Surprisingly, I have taken relatively few pictures in the Brighton & Hove area over the years and the UK in general, so I don’t think my work has been affected very much by living here. I know there are lots of good pictures to be taken in the area, but there are many excellent photographers living here and, to be honest, the best pics have already been taken! When it comes to outdoor/travel photography, I like to visit unfamiliar places in foreign lands, to experience the unusual, the unexpected, even the dangerous. I came close to death a few years ago in a remote part of the Australian interior when I narrowly avoided standing on a deadly brown snake. A mile from my vehicle and no human within at least 100kms, if it had bitten me I would have been dead within the hour. My kind of photo opp!
What’s your favourite thing to do locally?
For the past three years I have been living in Lewes and am still discovering this beautiful country town, dominated by the remains of Lewes Castle. Lots of nooks and crannies to discover and history to absorb.
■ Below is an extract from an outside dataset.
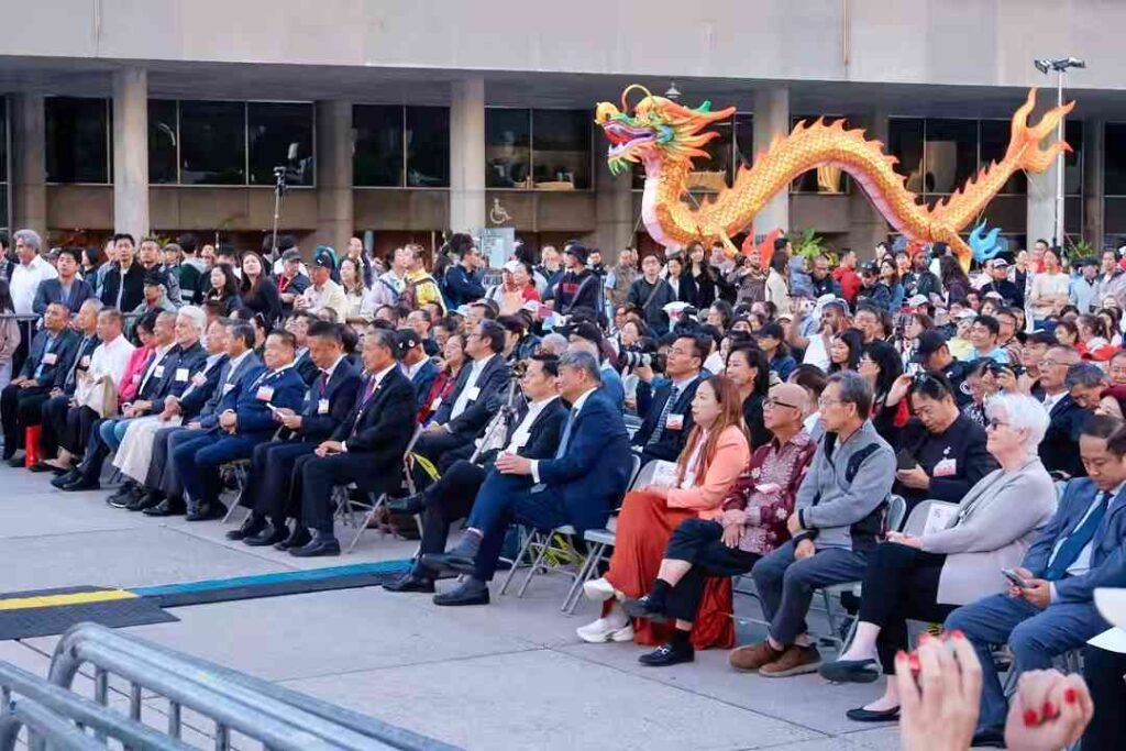 多伦多讯 记者燕雲报道 当地时间8月29日晚,在多伦多市政厅广场数千名观众齐声倒计时中,一条象征吉祥与力量的中华金龙被点亮。霎时间鼓乐震天、金光流转,仿佛巨龙腾空而起,正式为第六届多伦多龙文化节(Toronto Dragon Festival)拉开辉煌序幕。

My favourite Lewes thing to do is take a long and leisurely Sunday-afternoon walk beside the River Ouse that runs through the town, followed by a pint of Harveys best in my local pub, the Lewes Arms.
What’s your favourite gallery (or place to see/experience art)?
I have always been disappointed by the small number of fine art galleries in Brighton with a consistently high standard of work that don’t mind taking curatorial risks and have regular exhibitions – and don’t double as a shop. Before the Covid-19 pandemic I travelled up to London 2-3 times a week for gallery openings and have never ceased to be impressed by the quality and quantity of worthwhile art to be seen there. Difficult to choose a favourite, but it would probably be Islington’s ‘No. 20 Arts’. In Brighton, it would be the Phoenix.
If you could collaborate with one artist, from any time, who would it be and why?
I enjoy the work of many contemporary artists, not just photographers and printmakers, but I cannot imagine collaborating with any of them nor, indeed, anyone; artist or otherwise. I am not a natural collaborator. Having said that, I think I’d enjoy making a film with Wim Wenders, a great director and photographer.